▶ Material supplied:
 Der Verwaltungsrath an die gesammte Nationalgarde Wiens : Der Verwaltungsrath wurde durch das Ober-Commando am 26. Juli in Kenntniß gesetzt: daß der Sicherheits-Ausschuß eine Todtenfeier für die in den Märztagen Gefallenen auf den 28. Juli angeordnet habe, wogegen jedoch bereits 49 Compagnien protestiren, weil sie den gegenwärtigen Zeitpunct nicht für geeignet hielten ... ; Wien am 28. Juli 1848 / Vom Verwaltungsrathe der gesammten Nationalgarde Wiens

==

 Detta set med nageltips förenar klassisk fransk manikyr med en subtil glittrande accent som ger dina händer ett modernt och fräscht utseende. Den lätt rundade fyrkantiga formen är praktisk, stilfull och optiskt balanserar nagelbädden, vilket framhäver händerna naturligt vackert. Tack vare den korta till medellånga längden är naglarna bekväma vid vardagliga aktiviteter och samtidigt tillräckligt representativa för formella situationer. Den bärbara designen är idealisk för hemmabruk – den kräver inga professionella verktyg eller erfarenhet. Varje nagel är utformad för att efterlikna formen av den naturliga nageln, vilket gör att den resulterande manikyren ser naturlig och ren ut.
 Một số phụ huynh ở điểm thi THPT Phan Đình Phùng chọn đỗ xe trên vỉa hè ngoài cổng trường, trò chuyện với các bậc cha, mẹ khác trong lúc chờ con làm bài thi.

▶ Task statement:
Give back precisely the lines above that start at the line containing "Detta set med" and end at the line containing "Một số phụ huynh", inclusive. No other lines belong in the output.

▶ Written reply:
 Detta set med nageltips förenar klassisk fransk manikyr med en subtil glittrande accent som ger dina händer ett modernt och fräscht utseende. Den lätt rundade fyrkantiga formen är praktisk, stilfull och optiskt balanserar nagelbädden, vilket framhäver händerna naturligt vackert. Tack vare den korta till medellånga längden är naglarna bekväma vid vardagliga aktiviteter och samtidigt tillräckligt representativa för formella situationer. Den bärbara designen är idealisk för hemmabruk – den kräver inga professionella verktyg eller erfarenhet. Varje nagel är utformad för att efterlikna formen av den naturliga nageln, vilket gör att den resulterande manikyren ser naturlig och ren ut.
 Một số phụ huynh ở điểm thi THPT Phan Đình Phùng chọn đỗ xe trên vỉa hè ngoài cổng trường, trò chuyện với các bậc cha, mẹ khác trong lúc chờ con làm bài thi.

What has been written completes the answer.